2.3. Measured Parameters and Methods

2.3.1. Tuber Yield Measurement

Tuber yield was measured between 9 and 10 October in both growing seasons. Aboveground biomass was harvested at ground level and weighed. Belowground biomass was collected by carefully excavating roots and tubers within a 0–100 cm radius from the plant base. All harvested tubers and roots were thoroughly washed, oven-dried to a constant weight, and weighed to determine dry matter yield.

2.3.2. Soil Sampling

Soil sampling was conducted concurrently with tuber harvest. Both rhizosphere and bulk soil samples were collected. Rhizosphere soil was further classified into three categories: taproot rhizosphere soil, lateral root rhizosphere soil, and tuber rhizosphere soil. The sampling procedure was as follows. Bulk soil was defined as the soil fraction that detached easily from the excavated root systems, including taproots, lateral roots, and tubers, after vigorous shaking. Rhizosphere soil was operationally defined as the soil tightly adhering to root surfaces; this fraction was carefully brushed off using a soft brush and collected separately from taproots, lateral roots, and tubers [12]. All soil samples were passed through an 80-mesh sieve and air-dried prior to subsequent analyses.

2.3.3. Soil Nutrient Analysis

All reagents were obtained form Xi’an Tianmao Baoding Biotechnology Co., Ltd. (Xi’an, China). Available phosphorus was determined using the 0.5 mol L⁻¹ NaHCO₃ extraction-molybdenum antimony colorimetric method. Briefly, 2.5 g of air-dried, sieved soil (<2 mm) was shaken with 50 mL of 0.5 mol L⁻¹ NaHCO₃ solution (pH 8.5) for 30 min at room temperature and then filtered. An aliquot of the filtrate was reacted with ammonium molybdate and antimony potassium tartrate under acidic conditions to form a phosphomolybdenum blue complex.

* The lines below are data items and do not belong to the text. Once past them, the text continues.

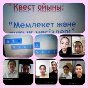 Қарағанды облысының білім басқармасы, Жезқазған қаласының білім бөлімінің, «Кеңгір селосының N2 ЖББМ» КММ -сінде «Құқықтық навигатор» апталығы аясында ақпанның 11-і күні «Мемлекет жəне құқық негіздері» тақырыбында 10-11 сыныптарының жетекшілері оқушылармен ZOOM платформасы арқылы квест ойынын өткізді.
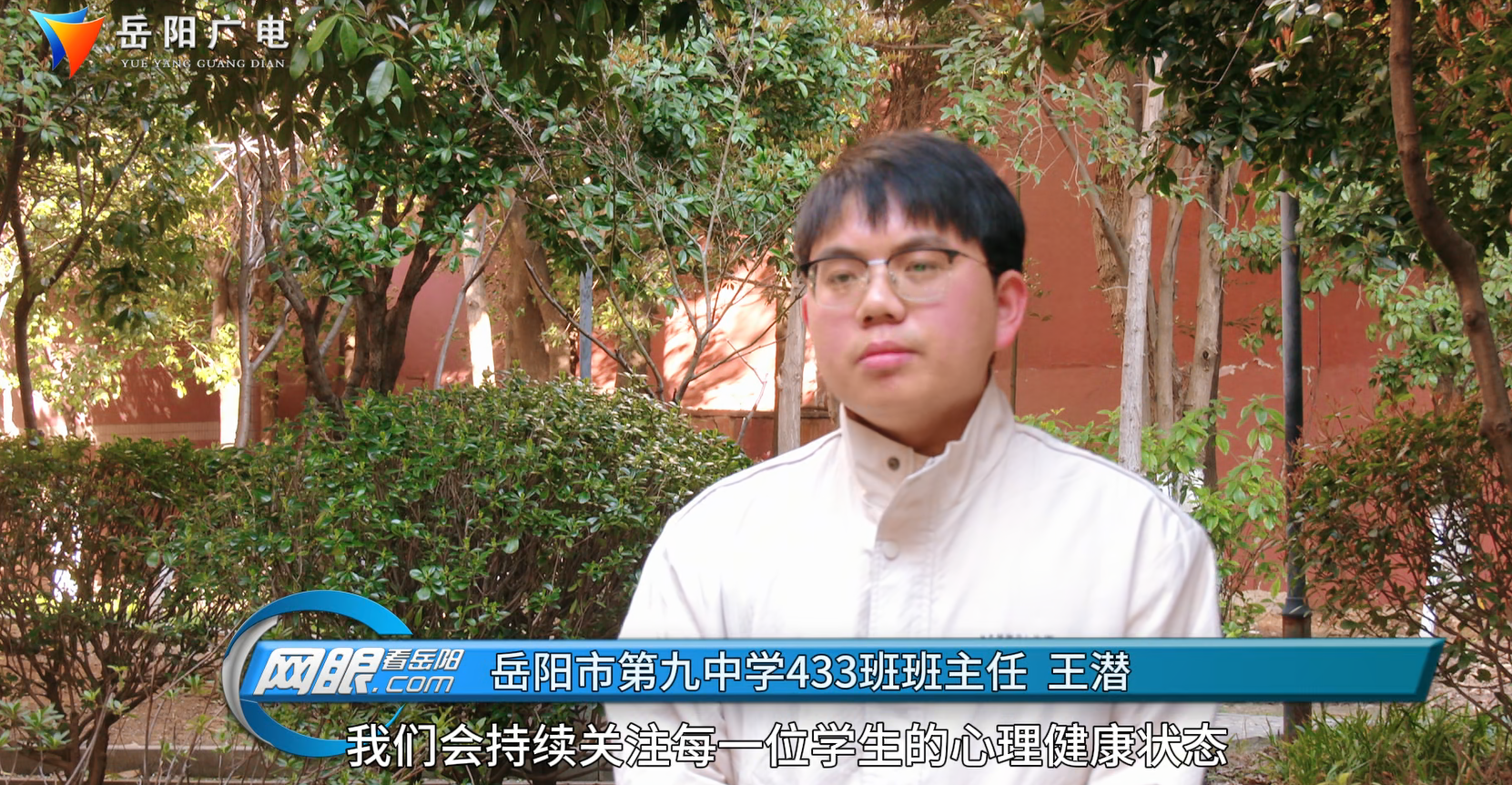 岳阳市第九中学433班班主任 王潜:我们会持续关注每一位学生的心理健康状态,让他们在班级当中感受到被关注、被理解,建立起家庭、学校、医院三方联动的心理健康服务桥梁,让每一位孩子都能够健康、快乐成长,做到全面发展。
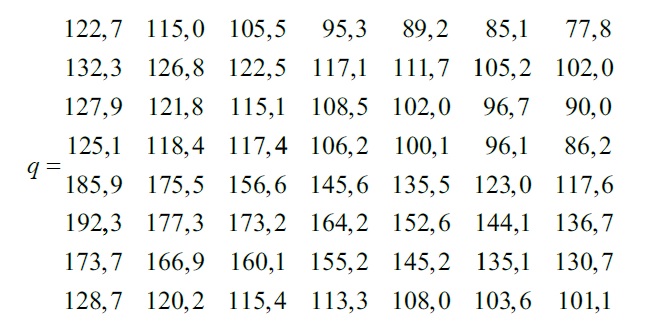 Номинальное значение пусковой цикловой подачи насоса Uном = 140 мм3/цикл. Предельное значение пусковой цикловой подачи насоса Uпр = 110 мм3/цикл. Время испытаний ti = (0, 4, 8, 12, 16, 20, 24), стендо-час. Коэффициент ускорения испытаний Ku = 100. Результаты таких испытаний для насоса УТН-5 приведены в виде массива q (8 x 7) на рисунке 3.
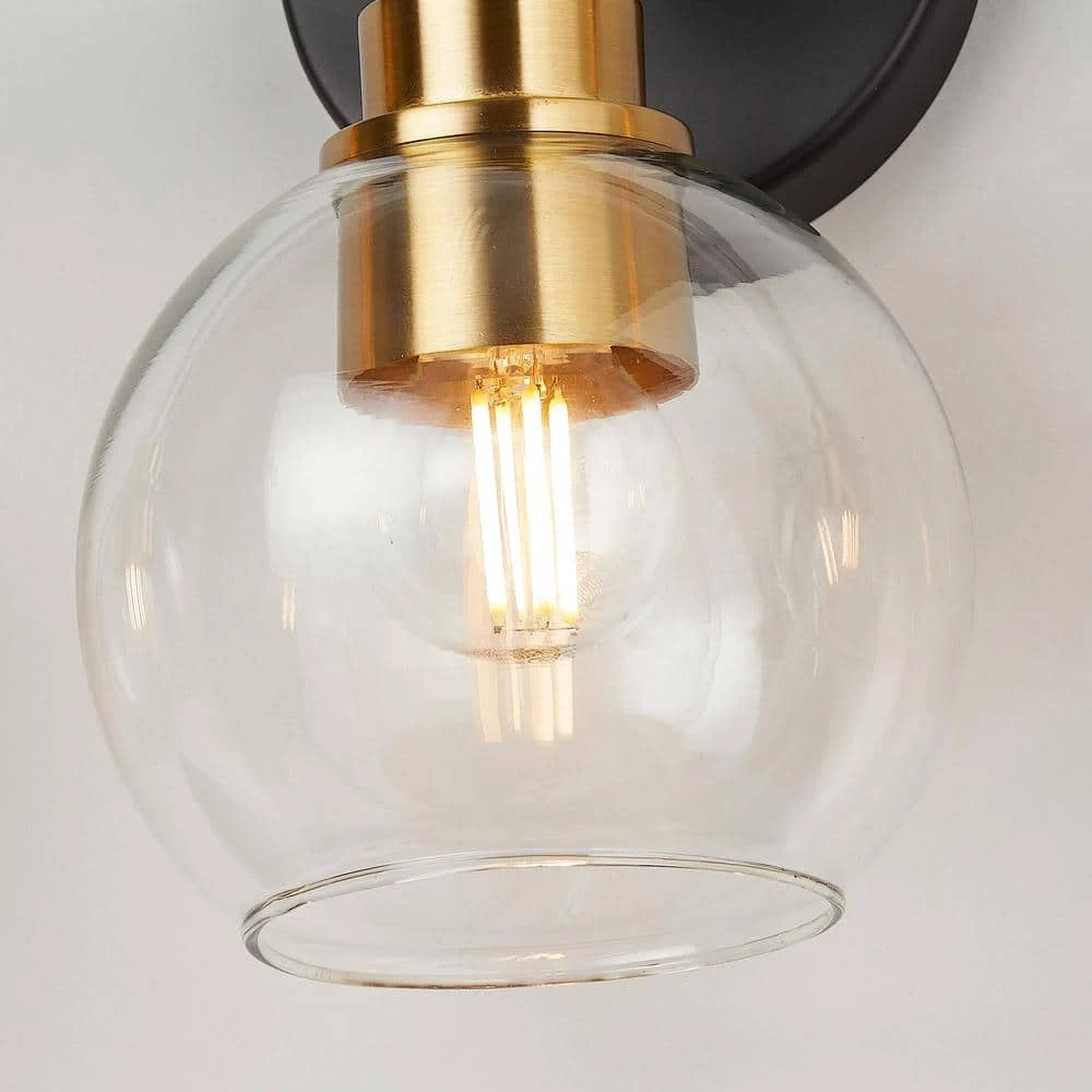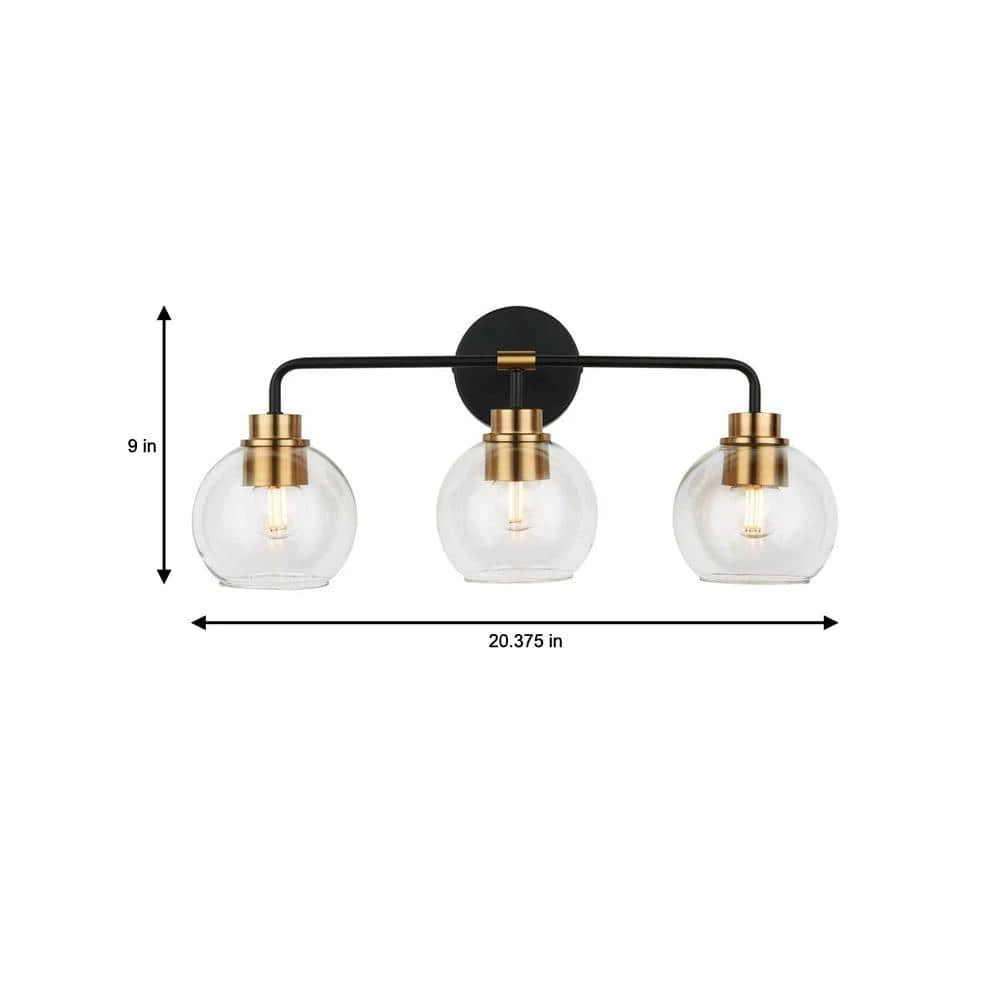 Mid Century comes alive with this beautiful vanity light. Aged bronze frame with aged brass accents, is adorned with clear blown glass shades. LED bulbs are included and provide ample soft yet usable light.

After color development, absorbance was measured spectrophotometrically at 880 nm. Available phosphorus concentration was calculated using a standard calibration curve and expressed on an oven-dry soil basis

Available potassium was determined by flame photometry following extraction with neutral ammonium acetate. Briefly, 5.0 g of air-dried, sieved soil was extracted with 50 mL of 1.0 mol L⁻¹ NH₄OAc solution (pH 7.0) by shaking for 30 min, followed by filtration through qualitative filter paper. Potassium ion concentrations in the clear filtrate were measured using a flame photometer, with instrument settings calibrated using a series of potassium standard solutions. Instrument drift and background signals were monitored regularly, and quality control samples were included throughout the analysis. Available potassium concentrations were calculated from the calibration curve and expressed on an oven-dry soil basis.

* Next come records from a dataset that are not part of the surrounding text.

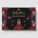 This elegant quinceañera guest book features burgundy red roses on a black background sprinkled with burgundy faux glitter. A gold tiara, a dark-haired girl in a burgundy princess dress and small burgundy butterflies decorate the front cover. The guest of honour's name appears in elegant gold-coloured handwriting script, with the word "quinceañera" in sans serif font below. Add text of your choice to the spine.
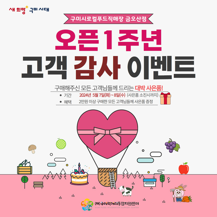 [구미=박병상 기자] 경북 구미시가 오는 5월 7일부터 8일까지 이틀간 지난 1년 동안 시민들의 큰 사랑을 받은 로컬푸드 직매장 금오산점 ‘감사의 개점 1주년 행사’를 연다.
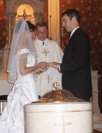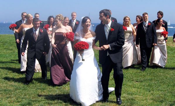 BEVERLY, Mass. — The arts festival crowd looked on in surprise and amazement as the 21-passenger Cadillac Escalade limousine drove slowly down the street and stopped in front of Saint Mary Star of the Sea Catholic Church in Beverly, Mass. The crowd cheered and clapped as nine bridesmaids and the bride, Angela Scally, got out of the limousine. One little girl asked if she could say hello to the princess. Angela and Eric Barber were married June 21, in Beverly, Mass. Angela was formerly a member of St. Olaf Parish, Bountiful. "You two come here today to ask to be married in the church because marriage is first and foremost a relationship with God, not first and foremost a relationship with each other. That is part of it," said Father David Barnes, pastor of Saint Mary Star of the Sea Parish. "God comes into your marriage so you can help each other get to heaven. From this day forward, you accept that responsibility. Later you will say the words I take you for better, for worse, for richer, for poorer, in sickness, and in health, until death do us part. Many people say these words are nice, but impossible to fulfill. But in the Catholic Church, we believe in love and through God and the Sacrament of Marriage, these promises can be fulfilled. In order to help you fulfill your commitment in this ceremony, God gives you all the graces necessary to fulfill all your promises." Angela and Eric are both 28 years old, and they met when Angela started working as a dental assistant in Eric’s childhood dental office. "He has always gone there for cleaning and dental work," said Angela. "So when he started coming in, I always thought he was super cute. Apparently he thought I was cute as well because he asked me out. But I said no because I was in a relationship with someone else. About a year and a half later, I was getting ready to leave to go to hygiene school full time. Right before I was going to leave, he came in to have his teeth cleaned and the dental hygienist said to him, ‘guess who is single?’ I was no longer in that relationship, so we ended up going out, and here we are. Now I clean his teeth. No one else is allowed to clean his teeth. "We started dating when I started hygiene school, so the first two years of our relationship were pretty tough," said Angela. "It was pretty intense. But we got engaged after a year and a half on Dec. 8, 2006, and we dated for three years. I just worked on Saturday mornings. I graduated from hygiene school in 2007." Angela is working for Drs. Peter and Sydney Frasca, a husband and wife team in Beverly, and Dr. Darryl Smith in Swampscott, Mass. She travels between the two offices. "I love what I do," said Angela. "This is what I should be doing. When I got into this field, I knew I wanted to stay. This is a great field if you want to have kids because it is flexible. We want to have children, and I just like teeth." Eric graduated from North Eastern University in Boston, Mass., in Civil Engineering and was working for the Department of Public Works for the City of Beverly when we met. Since then he was promoted to City Hall and is working as a civil engineer. Two days before the wedding he found out he passed a professional engineering test he took in April for which he has been studying this past year. Now many doors will open for him. Angela said he qualified to take this test once he had been out of school five years. "We have a lot of things going on and I am so excited," said Angela. "Our jobs played a big part in deciding to do the type of wedding we have planned because it is going to be an all day affair. Eric and I are paying for the whole wedding ourselves for the most part. "We kind of got ahead of ourselves, but this is exactly the type of wedding we wanted, and we do not have any regrets," said Angela in an interview with the Intermountain Catholic before the wedding. "Eric and I planned this wedding together," said Angela. "He has been awesome." The day began at 7 a.m. for Angela, her mother, her, sister, Tina, who was her maid of honor, and some of her nine bridesmaids at the Scally home. They had their hair done by Brianna Bryson and their make-up done by Heather Crosbie. The photographer arrived at 11:30 a.m. for pictures. The limousine arrived at 12:30 p.m. to take everyone to the church for the 1:30 p.m. ceremony. Following the ceremony pictures were taken in Lynch Park, which overlooks the Atlantic Ocean. It was a beautiful sunny day and the weather was perfect. From the park the limousine took the entire wedding party including the eight groomsmen and nine bridesmaids to the Commons in Topsfield, Mass., for the reception. The Commons is a gorgeous Christian church that was converted into a reception hall. The reception began with a cocktail hour complete with hors d’oeuvres and an open bar. From there the 204 guests were invited to a sit down dinner of either steak or chicken. The entire wedding party was introduced and seated. Dinner was followed by an evening of dancing, even by people who said they never dance. Following the reception, the guests were invited to a casual after-party at the Comfort Inn. A shuttle was provided between the Commons and the hotel. This was a wedding to remember. It would have been a somewhat sad occasion for Angela if her grandmother, Jean DeFillipo, had not been able to attend. "When we found out my grandmother was sick, I lost it," said Angela. "Because as far as I am concerned, my grandmother is going to live until I am 80. That is just the way it is. My mother is never going to die. Without my grandmother, I could not have received the schooling I did. She supported me. There is nobody on this planet that I can compare my grandmother to. She is so special to me. I lived with her nine years. I got an Associate Degree in business from Marian Court College, while living with her, and working full time. "So when she got sick, literally the day after Christmas in 2007, I said I am not getting marri

Nitrate nitrogen (NO₃⁻-N) and ammonium nitrogen (NH₄⁺-N) were quantified simultaneously using continuous flow analysis following extraction with 2.0 mol L⁻¹ KCl. Briefly, 10.0 g of air-dried soil was shaken with 50 mL of KCl solution for 30 min and then filtered. For NO₃⁻-N determination, nitrate in the extract was reduced to nitrite and subsequently measured by diazotization-coupling colorimetry within the analyzer. For NH₄⁺-N determination, ammonium reacted with an alkaline salicylate-hypochlorite reagent to form an indophenol blue complex. Absorbance signals were recorded automatically, and concentrations were calculated using external standard curves. Results were expressed as NO₃⁻-N and NH₄⁺-N on an oven-dry soil basis.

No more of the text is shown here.